Sharron Elizabeth Davies,  (born 1 November 1962) is an English former competitive swimmer who represented Great Britain in the Olympics and European championships and competed for England in the Commonwealth Games. Davies has attended 12 consecutive Olympic Games, competing in three games and then working in the media for the BBC Sport.

She competed in three Olympic Games over three decades, 1970s, 1980s and 1990s, in an international career spanning over 20 years.

Since retiring from the sport, she has worked for various media organisations and programmes. In 2005, Davies supported the British Olympic bid by profile-raising and appearing as spokesperson on BBC's Question Time where she made a strong case for bringing the games to London for 2012. Davies is a current patron of the Disabled Sport England and SportsAid. She was also the face of the Swim for Life charity event which raised  total over £10m for many charities.

Early life

Davies was born in Plymouth, Devon, and grew up in Plymouth and Plymstock. She has twin brothers. She attended Plymstock Comprehensive School and the private school Kelly College, which is now known as Mount Kelly, in Tavistock.
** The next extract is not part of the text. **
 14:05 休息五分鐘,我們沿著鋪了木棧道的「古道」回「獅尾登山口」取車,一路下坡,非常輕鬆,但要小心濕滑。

She originally learnt to swim with Devonport Royal Swimming Association. She moved to Port of Plymouth Swimming Association when she was eight and was coached for the first year first by Ray Bickley then by her father Terry Davies who became a coach. Her father was never selected as an international coach because he spoke out about East German cheating. He was added in 2021 to the Coaches Association Hall of Fame.

Swimming

She learned to swim at the age of six and was training seriously two years later.
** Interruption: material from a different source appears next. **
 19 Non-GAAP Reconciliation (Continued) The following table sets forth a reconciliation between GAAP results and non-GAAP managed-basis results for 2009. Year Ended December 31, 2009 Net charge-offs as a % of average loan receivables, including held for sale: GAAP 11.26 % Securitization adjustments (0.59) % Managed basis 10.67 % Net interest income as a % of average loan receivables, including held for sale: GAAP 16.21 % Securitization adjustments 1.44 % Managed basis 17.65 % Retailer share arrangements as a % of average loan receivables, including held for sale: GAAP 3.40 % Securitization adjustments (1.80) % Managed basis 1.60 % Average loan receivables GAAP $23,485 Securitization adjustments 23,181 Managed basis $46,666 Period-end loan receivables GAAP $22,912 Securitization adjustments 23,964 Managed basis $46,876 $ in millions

She set a record by swimming for the British national team at the age of 11. In 1976, at age 13, Davies was selected to represent Great Britain at the 1976 Summer Olympics in Montreal. The next year she won two bronze medals in the 1977 European Championships. The following year, at age 15, she won gold medals at the Commonwealth Games in the 200 and 400-metre individual medleys and also a silver and a bronze medal.

In the 1980 Olympics, Davies took the silver medal in the 400 m individual medley behind East German Petra Schneider, who later admitted that the victory was drug enhanced.
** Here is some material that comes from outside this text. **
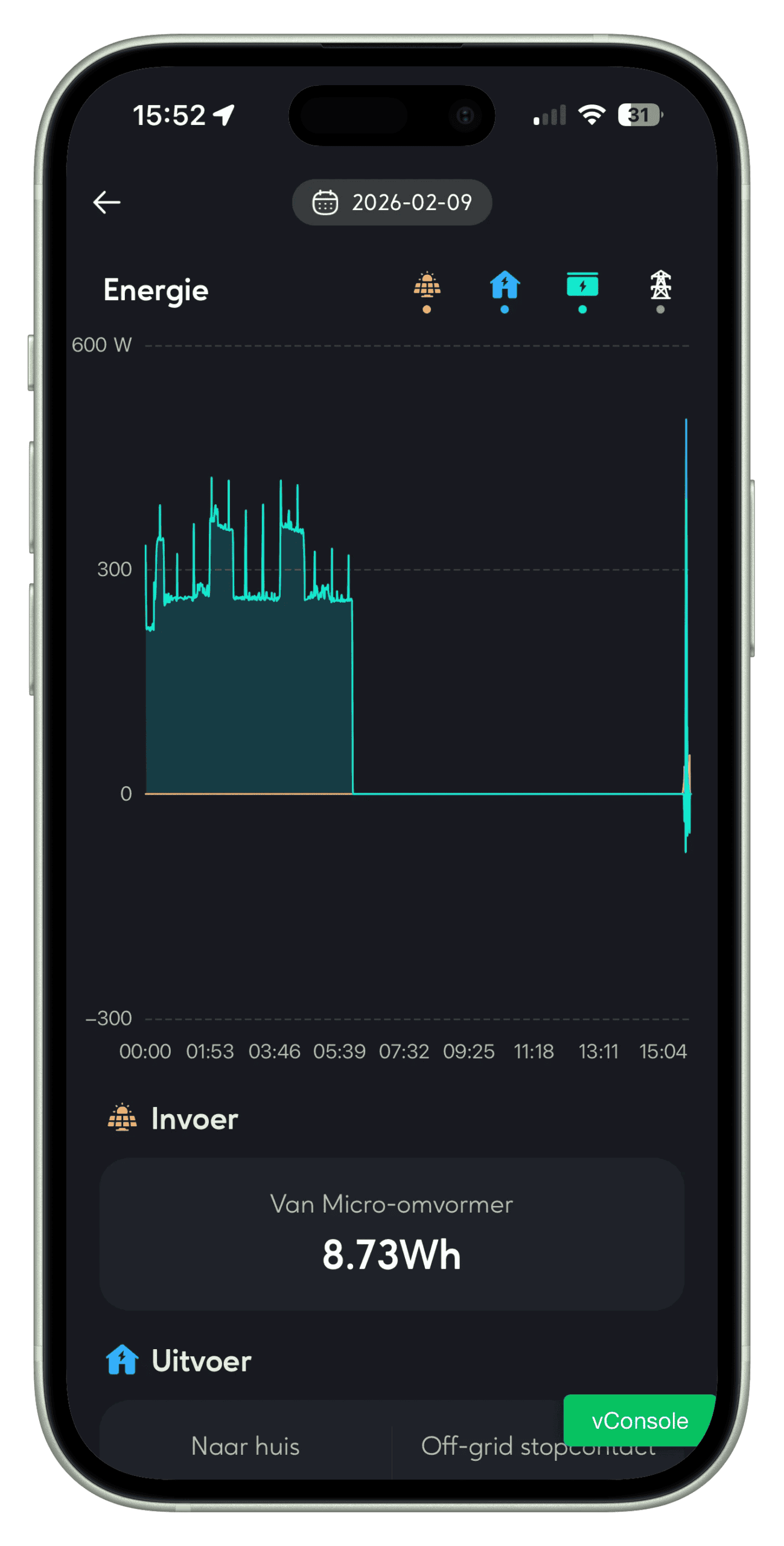 Het off-grid stopcontact ondersteunt tevens het aansluiten van zonnepanelen via een micro-omvormer. Wij hebben dit succesvol getest met onze APsystems EZ1-M en twee 440 Wp zonnepanelen. Wanneer de batterij is verbonden met het huisnet, laadt de batterij op via de micro-omvormer terwijl apparaten op ditzelfde off-grid stopcontact gelijktijdig van stroom worden voorzien. In eilandmodus is het beperkt tot enkel het aansluiten van verbruikers. Hiervoor dient in de instellingen van de batterij wel de Off-grid-modus te worden geactiveerd. Hieronder zie je de resultaten. Het is weliswaar slechts 25 W, maar dat is gemeten op een dag waarop de zonnepanelen besneeuwd waren en dus nauwelijks iets produceerden.

At 18, Davies called time on the first stage of her swimming career to build her television profile and a career in modelling. In 1989, and training at Bracknell & Wokingham Swimming Club, she returned to the pool, where she picked up two more medals at the 1990 Commonwealth Games. By the time she finally retired for good in 1994, she had been a British champion on 22 occasions and had broken two hundred British swimming records and 5 World Masters records (eligible to those over 30).

Medals and awards 
Davies has broken or re broken many British records whilst competing and winning For medals table see right.

 silver medal in the 400-metre individual medley at the 1980 Olympics in Moscow
 two gold, two silver and two bronze medals at the Commonwealth Games in 1978 and 1990.
 two bronze medals at European Championships

Davies held the Commonwealth Record for 400-metre individual medley for 18 years. She has also been a World Masters Record Holder.

In the latest development in the long story of the East German state-run doping programme, The Times broke the news in 2021 that there is a possibility that the bronze and silver medals won may be upgraded to Gold.

At the ASA National British Championships she won 22 titles - the 100 metres freestyle title in 1978, 200 metres freestyle title in 1977 and 1978, 400 metres freestyle title in 1977, 1978 and 1979, 800 metres freestyle title in 1978, 200 metres backstroke title in 1976, 1977 and 1978, 200 metres medley title in 1976, 1977, 1978, 1980, 1989 and 1992, 400 metres medley title in 1976, 1977, 1978, 1979 and 1980 and the 50 metres butterfly title in 1992.

In the 1993 New Year Honours, Davies was appointed Member of the Order of the British Empire "for services to swimming".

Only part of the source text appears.